Task item
Output the whole listing below exactly, omitting the images.

The data

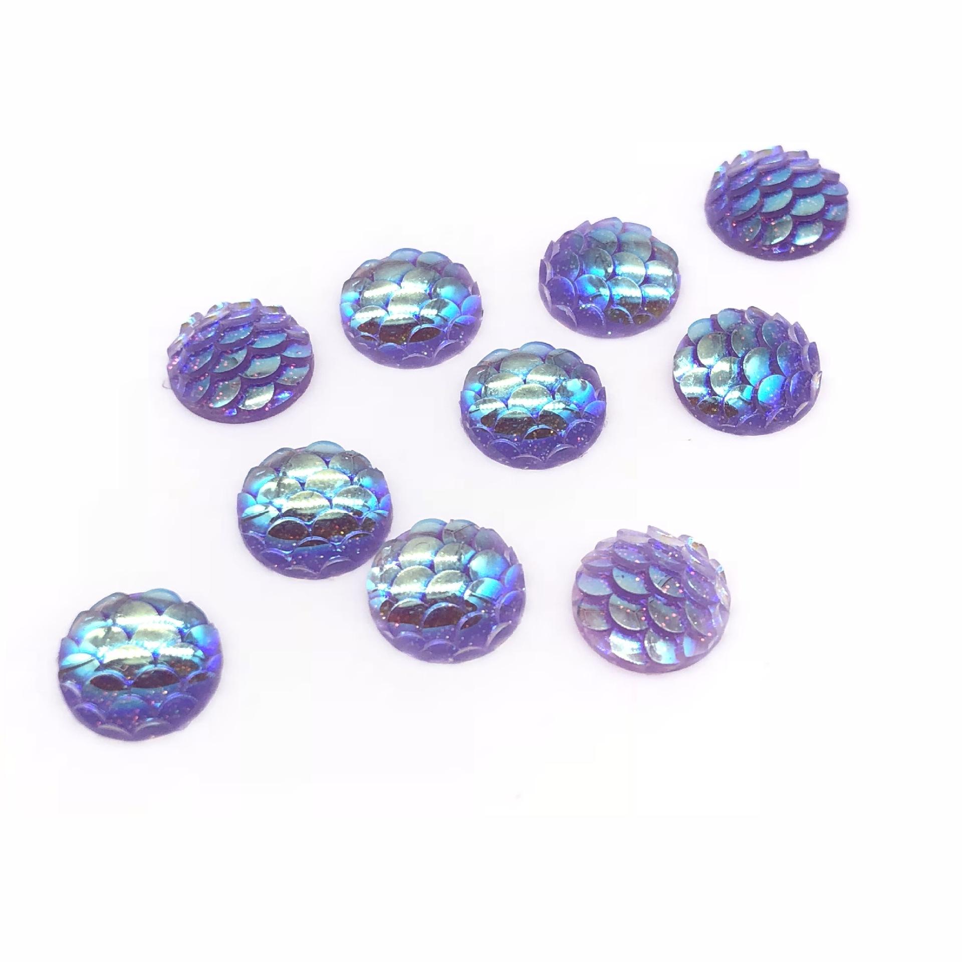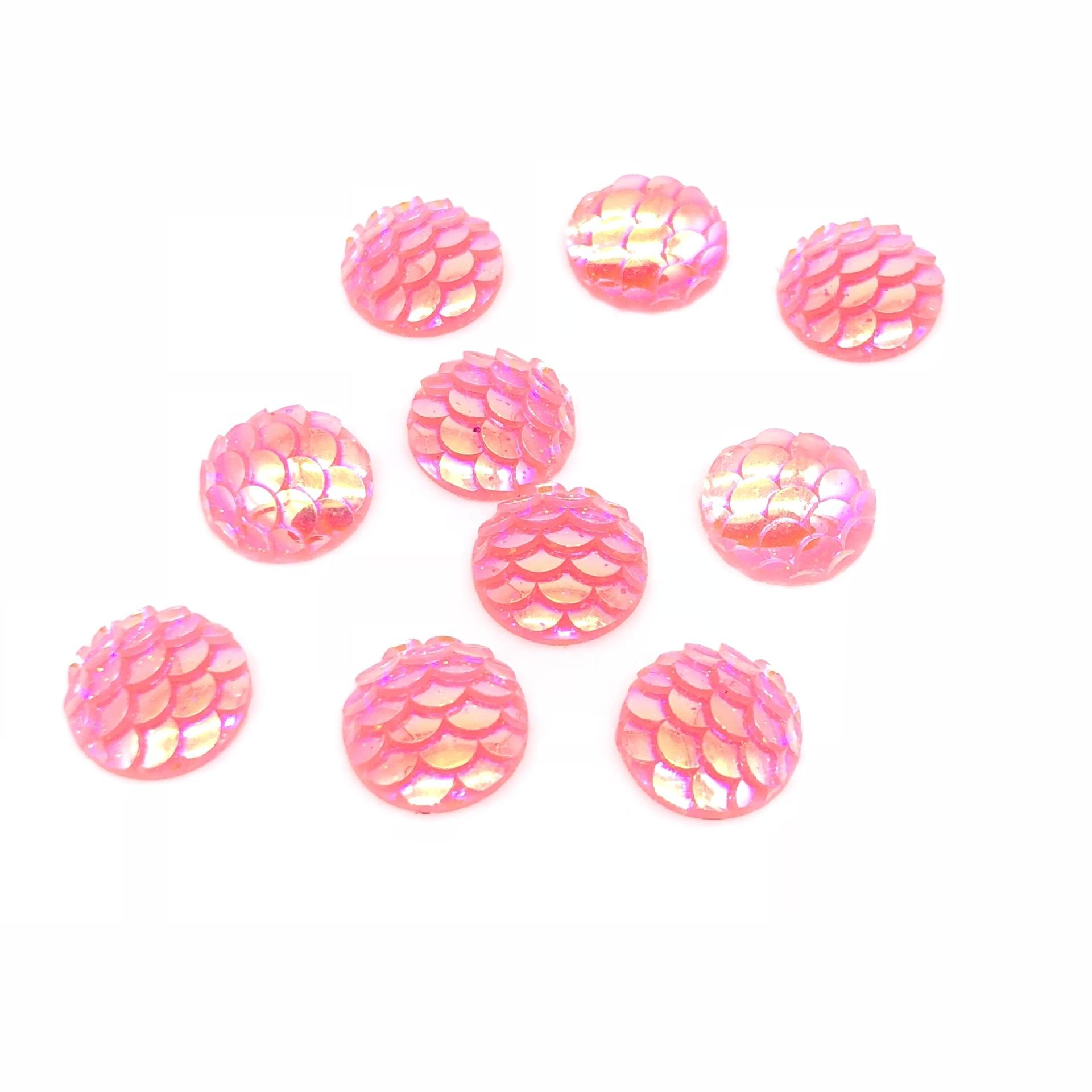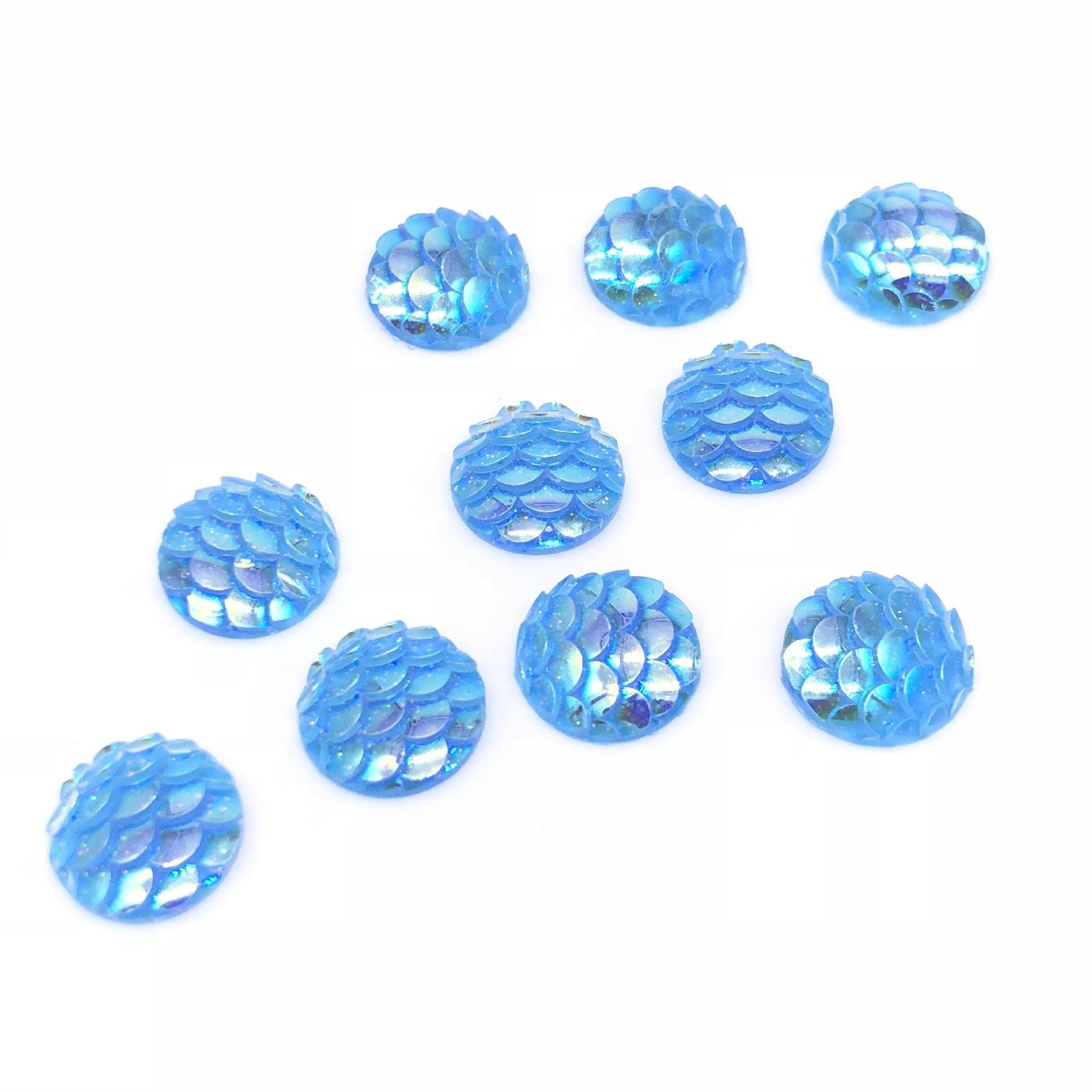 Primavera y Verano Resina Planos Fondo Diamante 10mm Escama de Pescado Parche Redondo Chapado Láser Color AB Hecho a Mano Diamante Accesorios DIY
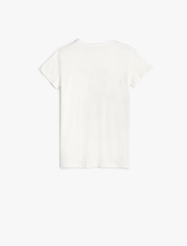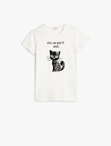 KOTON - تيشرت كلاسيكي بأكمام قصيرة ورقبة دائرية ضيقة مزين بالترتر للبنات من كوتون (قطعة واحدة)
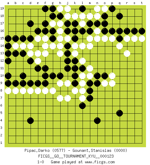 Last move : 1-0 2011 July 20 14:15:6 [Event "FICGS__GO__TOURNAMENT_KYU__000123"] [Site "FICGS"] [Date "2011.06.08"] [Round "1"] [Black "Pipac,Darko"] [White "Gounant,Stanislas"] [Result "1-0"] [Rating 1 "0577"] [Rating 2 "0000"] 1.d4 p15 2.q5 d10 3.j11 e15 4.q15 q14 5.q16 r15 6.p16 o15 7.o16 n16 8.o17 r13 9.n17 m15 10.f17 g17 11.f16 f15 12.g16 h17 13.e16 h15 14.d15 d14 15.c15 d13 16.j16 h16 17.g15 g14 18.g18 h14 19.j17 j18 20.h18 k18 21.k17 l17 22.k15 l18 23.j14 f14 24.l16 m18 25.m16 n15 26.m17 n18 27.o18 o19 28.p19 n19 29.q18 j15 30.k16 k14 31.j13 k13 32.k12 l14 33.f19 h19 34.g19 j19 35.l19 m14 36.r16 s15 37.s16 t15 38.t16 h13 39.j12 e13 40.n4 c14 41.b15 b14 42.a14 a13 43.a15 f13 44.b13 b12 45.a12 a11 46.a13 b11 47.c13 c12 48.d17 p10 49.o10 o9 50.n10 m10 51.n9 p9 52.m9 m11 53.l11 l10 54.k10 l12 55.k11 l9 56.m8 l8 57.m7 l7 58.l6 j9 59.k9 k8 60.j8 j7 61.h8 h9 62.h10 g8 63.g10 h7 64.f9 f8 65.e9 d8 66.d9 e8 67.c9 c8 68.b9 b8 69.a10 b10 70.a9 a8 71.c10 d11 72.e11 e10 73.f10 e12 74.f11 c11 75.d12 1-0 Here are the names of the openings (joseki) played in the four corners : Corner d16 : j11 e15 This joseki is unknown. A weak or weird move has probably been played in this corner. Corner q16 : p15 q15 Go-no-go (Wu~wu~) 5-5 Point. The 5-5 was experimented with briefly during the "New Fuseki" movement in Japan in the 1930s. The 5-5 point has not retained popularity because the 4-4 hoshi (star) point strikes a better balance between influence and territory. As one can see from the variations, though, the 5-5 is playable. Corner d4 : d4 j9 Hoshi (Hwajeom, Seongjeom, Xingwei`) 4-4 Point. The star or hoshi (4-4) point, emphasizing influence at the potential expense of territory. Player Black won this Go (weiqi, baduk) game. Follow this game move after move (download)There is death in the hane. (Anonymous) Rules and bones are meant to be broken. (Anonymous)
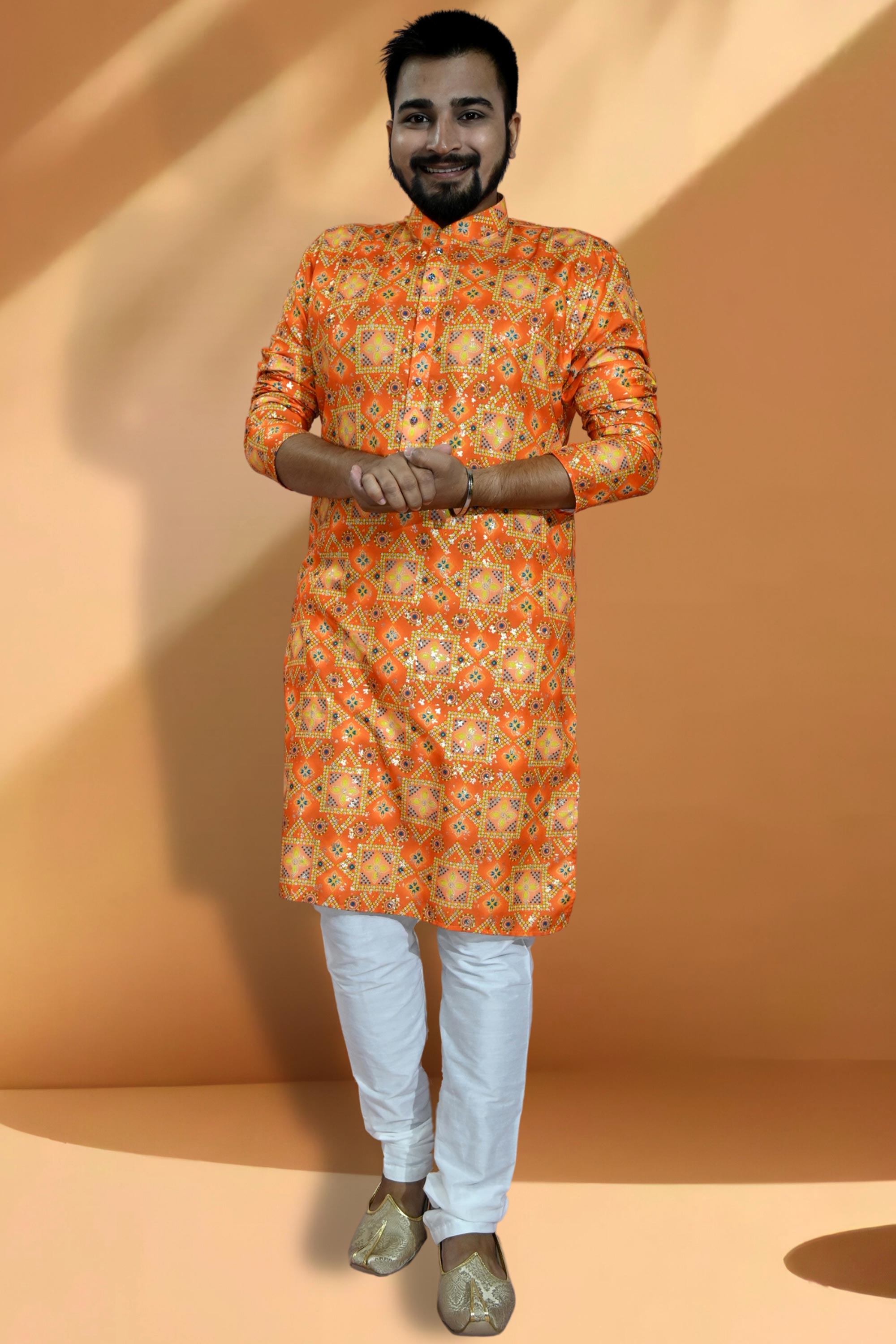 Cotton Fabric Readymade Orange Color Kurta Pyjama For Men
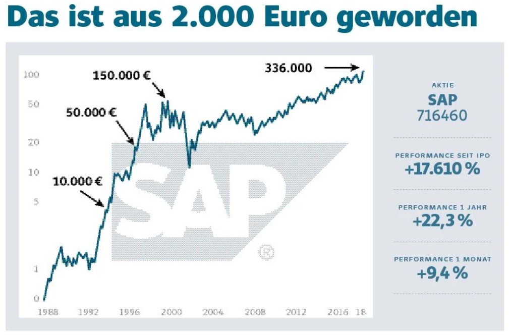 In der Sparkasse ging damals der Effecten-Spiegel um, ein zu dieser Zeit recht neues Anleger-Magazin, an dessen Titelseite ich mich gerade in einem speziellen Falle sehr gut erinnern kann – als die SAP-Aktie 1988 an die Börse ging. Der Effecten-Spiegel warnte damals eindringlich vor dem Kauf – die Aktie sei mit 750 DM viel zu teuer!

Exercise answer
 Primavera y Verano Resina Planos Fondo Diamante 10mm Escama de Pescado Parche Redondo Chapado Láser Color AB Hecho a Mano Diamante Accesorios DIY
 KOTON - تيشرت كلاسيكي بأكمام قصيرة ورقبة دائرية ضيقة مزين بالترتر للبنات من كوتون (قطعة واحدة)
 Last move : 1-0 2011 July 20 14:15:6 [Event "FICGS__GO__TOURNAMENT_KYU__000123"] [Site "FICGS"] [Date "2011.06.08"] [Round "1"] [Black "Pipac,Darko"] [White "Gounant,Stanislas"] [Result "1-0"] [Rating 1 "0577"] [Rating 2 "0000"] 1.d4 p15 2.q5 d10 3.j11 e15 4.q15 q14 5.q16 r15 6.p16 o15 7.o16 n16 8.o17 r13 9.n17 m15 10.f17 g17 11.f16 f15 12.g16 h17 13.e16 h15 14.d15 d14 15.c15 d13 16.j16 h16 17.g15 g14 18.g18 h14 19.j17 j18 20.h18 k18 21.k17 l17 22.k15 l18 23.j14 f14 24.l16 m18 25.m16 n15 26.m17 n18 27.o18 o19 28.p19 n19 29.q18 j15 30.k16 k14 31.j13 k13 32.k12 l14 33.f19 h19 34.g19 j19 35.l19 m14 36.r16 s15 37.s16 t15 38.t16 h13 39.j12 e13 40.n4 c14 41.b15 b14 42.a14 a13 43.a15 f13 44.b13 b12 45.a12 a11 46.a13 b11 47.c13 c12 48.d17 p10 49.o10 o9 50.n10 m10 51.n9 p9 52.m9 m11 53.l11 l10 54.k10 l12 55.k11 l9 56.m8 l8 57.m7 l7 58.l6 j9 59.k9 k8 60.j8 j7 61.h8 h9 62.h10 g8 63.g10 h7 64.f9 f8 65.e9 d8 66.d9 e8 67.c9 c8 68.b9 b8 69.a10 b10 70.a9 a8 71.c10 d11 72.e11 e10 73.f10 e12 74.f11 c11 75.d12 1-0 Here are the names of the openings (joseki) played in the four corners : Corner d16 : j11 e15 This joseki is unknown. A weak or weird move has probably been played in this corner. Corner q16 : p15 q15 Go-no-go (Wu~wu~) 5-5 Point. The 5-5 was experimented with briefly during the "New Fuseki" movement in Japan in the 1930s. The 5-5 point has not retained popularity because the 4-4 hoshi (star) point strikes a better balance between influence and territory. As one can see from the variations, though, the 5-5 is playable. Corner d4 : d4 j9 Hoshi (Hwajeom, Seongjeom, Xingwei`) 4-4 Point. The star or hoshi (4-4) point, emphasizing influence at the potential expense of territory. Player Black won this Go (weiqi, baduk) game. Follow this game move after move (download)There is death in the hane. (Anonymous) Rules and bones are meant to be broken. (Anonymous)
 Cotton Fabric Readymade Orange Color Kurta Pyjama For Men
 In der Sparkasse ging damals der Effecten-Spiegel um, ein zu dieser Zeit recht neues Anleger-Magazin, an dessen Titelseite ich mich gerade in einem speziellen Falle sehr gut erinnern kann – als die SAP-Aktie 1988 an die Börse ging. Der Effecten-Spiegel warnte damals eindringlich vor dem Kauf – die Aktie sei mit 750 DM viel zu teuer!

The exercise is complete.